Buying cabochons for jewelry projects can be fun and exciting, but if you don’t know what to look for it can be daunting, and you may end up with stones that will pose problems or that you simply can’t set. I love looking through cases full of beautiful hand cut cabochons, and my mind swarms with new designs and inspiration. I’m like a kid in a candy shop when I’m shopping for stones. There is nothing worse though than sitting down at your bench and taking a closer look at a stone that you’ve fallen in love with, only to discover that it has a crack in it, has scratches or chips on the surface, or is just cut poorly. Hopefully, this guide will help you pick out good quality cut stones for your next jewelry project.
How to choose a Cabochon
1. Check the shape. If a cab is a regular shape such as round, oval or square, make sure that it is even, Once you place it in a bezel any irregularity in the shape will become much more apparent. If it’s a round cab, make sure it is truly round by measuring it with calipers. Make sure each side of a square are the same length. Also make sure the bottom is flat. If the bottom of your cab is uneven it will not sit properly on the base plate of your bezel, and could result in rocking, wiggling and possibly cracking your stone.
2. Check the sides of the cab. Look for Cabs that are cut with an even slope from the base towards the top. Straight sides are tricky to set in a bezel and may need to be glued to secure them. Avoid any stone that is narrower at the base and larger towards the top. This sort of inverted angle does not fit well into a bezel.
3. Check the angle of the sides. A well cut stone will have the same angle all the way around the stone. Hold the up stone at eye level and check all the way around. If the angles are different on each side, it will result in a bezel that doesn’t fold down evenly around the stone. The bezel will accentuate these differences and result in what looks like a poorly set stone, when in fact it is a poorly cut stone.
4. Check the face of the stone. Be sure to carefully check the face, or top of the cab. Make sure that it is even and level across the top with the highest point in the centre. Avoid stones with visible scratches or cracks through them. What may seem like a small flaw now, could result in a stone that ends up in pieces when you are setting it.
5. Check the bottom edge. A well cut stone will have an almost invisible 45 degree angle cut all the way around the bottom edge. This prevents your stone from chipping or worse breaking when you pop it into a snug fitting bezel.
6. Don’t pass up a stone just because it has irregular edges. If you find a stone that you absolutely fall in love with but realize that it may not be suitable for a bezel setting because it has rough or irregular edges, don’t despair.
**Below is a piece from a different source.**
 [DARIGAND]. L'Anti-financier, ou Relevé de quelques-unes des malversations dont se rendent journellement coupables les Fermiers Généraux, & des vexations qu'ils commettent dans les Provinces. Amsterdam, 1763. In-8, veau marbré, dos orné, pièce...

What some may view as a flaw can often be used as an interesting part of your design. Maybe use prongs instead of a bezel, or use half of a bezel and a couple prongs to secure the stone. Allow your imagination to run wild and be inspired be a unique stone. Sharp corners can be challenging for inexperienced setters as well, needing caution to set.
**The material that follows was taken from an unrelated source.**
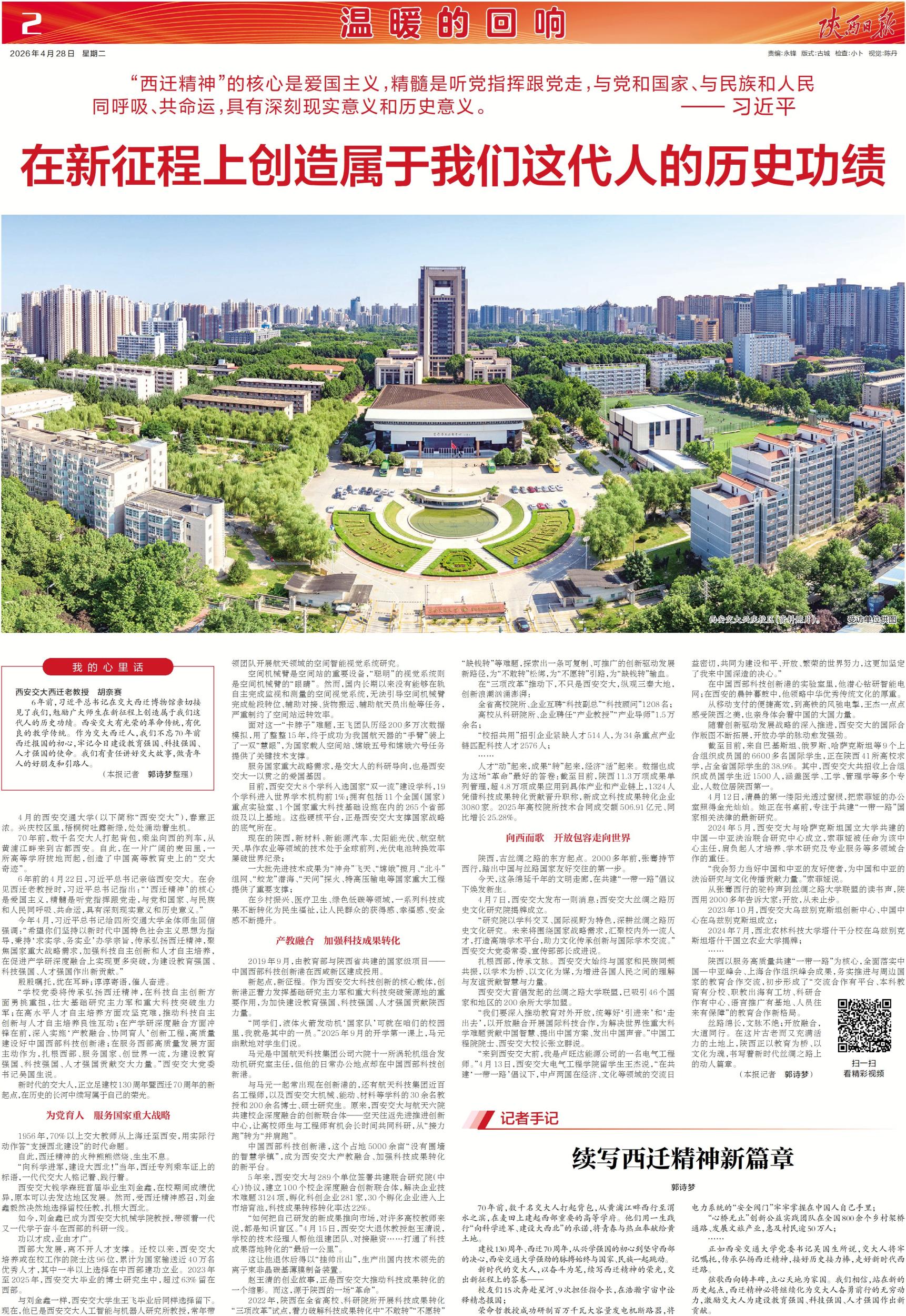 自此,西迁精神的火种熊熊燃烧、生生不息。

7. Buy it now! Chances are if you fall in love with a cabochon and take too long to think about it, someone else is going to snatch it up. There is nothing worse than having your heart set on a particular stone only to find that its gone! If you love it, get it!
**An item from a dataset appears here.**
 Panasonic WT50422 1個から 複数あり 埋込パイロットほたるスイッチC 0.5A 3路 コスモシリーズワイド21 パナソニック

8. Catalogue your stones. Each stone in my ‘collection’ has pertinent information along with it. I keep track of where and when I bought the stone, who cut it (if that info is available) and most importantly how much I payed for it. This may seem like a silly thing to do, but without knowing how much I payed for a stone, I cannot accurately price a piece of jewelry. Even if you aren’t selling your work now, you may in the future, and chances are, you will not remember where you bought a particular stone, or how much it was. So take a minute or two and keep track.